___ Source information
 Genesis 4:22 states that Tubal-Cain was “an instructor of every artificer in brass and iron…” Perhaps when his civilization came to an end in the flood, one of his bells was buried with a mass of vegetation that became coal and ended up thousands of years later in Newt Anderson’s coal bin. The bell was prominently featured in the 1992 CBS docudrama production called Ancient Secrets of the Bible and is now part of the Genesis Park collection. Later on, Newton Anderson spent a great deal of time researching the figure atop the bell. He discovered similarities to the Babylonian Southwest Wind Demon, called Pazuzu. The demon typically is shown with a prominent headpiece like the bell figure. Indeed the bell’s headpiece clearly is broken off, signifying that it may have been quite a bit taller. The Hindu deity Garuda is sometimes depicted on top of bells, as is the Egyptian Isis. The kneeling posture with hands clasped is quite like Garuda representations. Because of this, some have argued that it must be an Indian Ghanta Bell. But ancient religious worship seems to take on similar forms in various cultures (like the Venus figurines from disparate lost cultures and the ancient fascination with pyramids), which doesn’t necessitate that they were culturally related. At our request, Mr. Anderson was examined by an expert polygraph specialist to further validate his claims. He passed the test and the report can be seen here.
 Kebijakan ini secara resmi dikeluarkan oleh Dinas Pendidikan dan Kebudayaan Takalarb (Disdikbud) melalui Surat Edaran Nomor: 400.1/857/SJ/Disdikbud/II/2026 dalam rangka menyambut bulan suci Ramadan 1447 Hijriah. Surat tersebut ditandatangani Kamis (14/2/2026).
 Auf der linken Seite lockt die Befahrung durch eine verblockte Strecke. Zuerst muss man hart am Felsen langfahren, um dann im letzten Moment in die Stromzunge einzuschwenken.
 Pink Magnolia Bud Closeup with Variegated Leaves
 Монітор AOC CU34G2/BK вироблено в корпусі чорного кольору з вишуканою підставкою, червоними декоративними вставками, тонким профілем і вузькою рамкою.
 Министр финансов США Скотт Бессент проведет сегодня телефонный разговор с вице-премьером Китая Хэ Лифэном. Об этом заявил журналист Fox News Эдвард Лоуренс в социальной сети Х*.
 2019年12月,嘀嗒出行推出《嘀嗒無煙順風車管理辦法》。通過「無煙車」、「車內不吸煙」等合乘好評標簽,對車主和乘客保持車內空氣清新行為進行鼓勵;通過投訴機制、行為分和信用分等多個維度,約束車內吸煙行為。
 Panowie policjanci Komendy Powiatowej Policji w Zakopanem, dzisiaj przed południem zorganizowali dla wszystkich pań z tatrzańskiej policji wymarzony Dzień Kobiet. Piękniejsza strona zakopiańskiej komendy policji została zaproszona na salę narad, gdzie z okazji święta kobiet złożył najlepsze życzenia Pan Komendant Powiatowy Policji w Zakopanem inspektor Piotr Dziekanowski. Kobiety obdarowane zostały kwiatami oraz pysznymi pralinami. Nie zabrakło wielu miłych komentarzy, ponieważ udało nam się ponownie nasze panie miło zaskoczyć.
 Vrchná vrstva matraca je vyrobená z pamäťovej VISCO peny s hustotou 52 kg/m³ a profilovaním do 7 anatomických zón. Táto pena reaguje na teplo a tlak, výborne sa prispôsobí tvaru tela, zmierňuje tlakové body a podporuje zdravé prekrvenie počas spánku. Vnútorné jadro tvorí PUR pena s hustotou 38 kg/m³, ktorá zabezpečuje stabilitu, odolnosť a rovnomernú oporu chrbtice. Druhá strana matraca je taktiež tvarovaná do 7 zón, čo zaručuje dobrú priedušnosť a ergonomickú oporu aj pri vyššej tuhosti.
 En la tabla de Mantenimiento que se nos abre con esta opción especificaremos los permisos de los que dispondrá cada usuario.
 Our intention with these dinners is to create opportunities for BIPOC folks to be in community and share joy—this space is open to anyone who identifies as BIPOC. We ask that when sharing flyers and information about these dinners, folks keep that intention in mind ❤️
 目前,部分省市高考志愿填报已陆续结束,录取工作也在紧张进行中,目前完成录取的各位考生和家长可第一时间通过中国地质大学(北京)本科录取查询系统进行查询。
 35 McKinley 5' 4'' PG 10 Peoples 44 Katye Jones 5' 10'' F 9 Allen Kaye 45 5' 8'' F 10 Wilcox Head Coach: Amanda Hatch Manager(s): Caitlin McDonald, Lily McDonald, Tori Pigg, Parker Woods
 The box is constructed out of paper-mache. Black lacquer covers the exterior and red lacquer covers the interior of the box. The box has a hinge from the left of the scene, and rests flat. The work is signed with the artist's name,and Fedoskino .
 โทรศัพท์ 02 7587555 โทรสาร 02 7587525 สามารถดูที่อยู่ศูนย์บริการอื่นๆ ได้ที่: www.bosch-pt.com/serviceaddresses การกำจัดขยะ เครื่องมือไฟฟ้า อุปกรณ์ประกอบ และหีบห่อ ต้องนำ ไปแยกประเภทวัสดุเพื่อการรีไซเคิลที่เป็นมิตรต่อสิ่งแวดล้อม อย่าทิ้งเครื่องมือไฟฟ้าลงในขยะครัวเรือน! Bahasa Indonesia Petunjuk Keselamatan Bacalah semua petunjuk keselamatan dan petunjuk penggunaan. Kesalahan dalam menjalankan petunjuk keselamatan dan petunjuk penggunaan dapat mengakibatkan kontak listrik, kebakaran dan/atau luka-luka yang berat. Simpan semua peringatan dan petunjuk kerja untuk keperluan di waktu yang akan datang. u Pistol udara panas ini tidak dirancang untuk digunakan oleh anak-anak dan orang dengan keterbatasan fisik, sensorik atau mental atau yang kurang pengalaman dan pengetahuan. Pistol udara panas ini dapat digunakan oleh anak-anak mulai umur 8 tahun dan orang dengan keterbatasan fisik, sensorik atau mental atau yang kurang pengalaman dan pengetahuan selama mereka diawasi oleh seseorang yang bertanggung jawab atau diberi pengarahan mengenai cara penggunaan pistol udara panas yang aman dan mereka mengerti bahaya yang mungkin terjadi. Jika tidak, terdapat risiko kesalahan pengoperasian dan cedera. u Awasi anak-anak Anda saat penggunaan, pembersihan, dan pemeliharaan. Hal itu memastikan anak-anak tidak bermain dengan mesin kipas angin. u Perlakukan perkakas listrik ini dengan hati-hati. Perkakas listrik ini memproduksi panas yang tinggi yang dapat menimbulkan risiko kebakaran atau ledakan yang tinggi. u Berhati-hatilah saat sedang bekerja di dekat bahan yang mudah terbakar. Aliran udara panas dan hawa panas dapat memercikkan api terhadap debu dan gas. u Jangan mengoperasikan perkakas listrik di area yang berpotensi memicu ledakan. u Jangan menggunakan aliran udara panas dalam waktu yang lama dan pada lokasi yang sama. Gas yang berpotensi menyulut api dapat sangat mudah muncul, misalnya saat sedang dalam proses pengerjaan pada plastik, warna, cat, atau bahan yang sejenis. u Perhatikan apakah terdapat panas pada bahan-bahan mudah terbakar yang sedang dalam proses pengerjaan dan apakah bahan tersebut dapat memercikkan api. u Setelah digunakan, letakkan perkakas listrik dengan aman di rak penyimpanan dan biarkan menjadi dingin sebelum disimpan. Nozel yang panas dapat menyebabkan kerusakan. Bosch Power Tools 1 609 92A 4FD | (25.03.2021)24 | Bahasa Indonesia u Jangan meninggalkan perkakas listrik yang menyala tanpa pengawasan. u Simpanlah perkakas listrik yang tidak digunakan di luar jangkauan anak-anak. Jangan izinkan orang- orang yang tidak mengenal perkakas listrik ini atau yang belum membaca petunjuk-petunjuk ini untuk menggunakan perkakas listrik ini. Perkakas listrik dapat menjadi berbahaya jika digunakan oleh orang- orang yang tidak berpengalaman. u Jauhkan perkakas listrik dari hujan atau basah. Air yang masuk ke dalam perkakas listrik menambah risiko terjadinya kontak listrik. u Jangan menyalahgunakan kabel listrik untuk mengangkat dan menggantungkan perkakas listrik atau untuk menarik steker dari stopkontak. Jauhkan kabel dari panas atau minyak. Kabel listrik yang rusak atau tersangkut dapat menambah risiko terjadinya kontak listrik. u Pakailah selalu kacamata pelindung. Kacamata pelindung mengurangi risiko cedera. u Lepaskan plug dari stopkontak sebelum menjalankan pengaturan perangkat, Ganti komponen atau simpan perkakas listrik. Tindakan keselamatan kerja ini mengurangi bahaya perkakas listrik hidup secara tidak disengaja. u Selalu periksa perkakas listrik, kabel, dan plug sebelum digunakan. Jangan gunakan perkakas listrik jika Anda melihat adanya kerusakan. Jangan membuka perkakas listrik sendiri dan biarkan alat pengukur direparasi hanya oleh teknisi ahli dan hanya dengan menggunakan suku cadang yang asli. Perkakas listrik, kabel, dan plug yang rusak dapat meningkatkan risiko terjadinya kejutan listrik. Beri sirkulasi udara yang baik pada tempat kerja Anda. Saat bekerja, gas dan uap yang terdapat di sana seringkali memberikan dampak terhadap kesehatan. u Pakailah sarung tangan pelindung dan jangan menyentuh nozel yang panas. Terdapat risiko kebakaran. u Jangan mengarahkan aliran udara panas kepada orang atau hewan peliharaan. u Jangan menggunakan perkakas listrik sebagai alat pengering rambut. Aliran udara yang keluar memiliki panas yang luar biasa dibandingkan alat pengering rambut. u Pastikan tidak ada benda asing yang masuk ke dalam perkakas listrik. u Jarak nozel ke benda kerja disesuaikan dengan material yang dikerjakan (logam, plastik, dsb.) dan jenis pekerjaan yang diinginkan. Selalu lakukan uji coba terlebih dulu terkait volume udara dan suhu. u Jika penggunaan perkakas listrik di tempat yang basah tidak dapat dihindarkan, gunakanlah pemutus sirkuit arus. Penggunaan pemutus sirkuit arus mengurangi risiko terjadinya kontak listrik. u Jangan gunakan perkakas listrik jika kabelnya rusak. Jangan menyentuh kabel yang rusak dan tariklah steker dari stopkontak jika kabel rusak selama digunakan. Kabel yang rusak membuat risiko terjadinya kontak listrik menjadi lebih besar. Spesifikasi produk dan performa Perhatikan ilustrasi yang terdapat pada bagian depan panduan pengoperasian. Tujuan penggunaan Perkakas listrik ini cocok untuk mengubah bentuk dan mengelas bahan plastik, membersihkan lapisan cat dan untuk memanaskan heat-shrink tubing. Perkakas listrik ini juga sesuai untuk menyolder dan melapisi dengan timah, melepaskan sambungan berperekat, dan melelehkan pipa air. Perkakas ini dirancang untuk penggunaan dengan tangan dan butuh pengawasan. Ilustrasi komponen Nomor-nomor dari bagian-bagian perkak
______
Starting at the line that has "35 McKinley 5'" and ending at the line that has "The box is constructed", please write out the lines above exactly, leaving out all others.

**Response to the task**:
 35 McKinley 5' 4'' PG 10 Peoples 44 Katye Jones 5' 10'' F 9 Allen Kaye 45 5' 8'' F 10 Wilcox Head Coach: Amanda Hatch Manager(s): Caitlin McDonald, Lily McDonald, Tori Pigg, Parker Woods
 The box is constructed out of paper-mache. Black lacquer covers the exterior and red lacquer covers the interior of the box. The box has a hinge from the left of the scene, and rests flat. The work is signed with the artist's name,and Fedoskino .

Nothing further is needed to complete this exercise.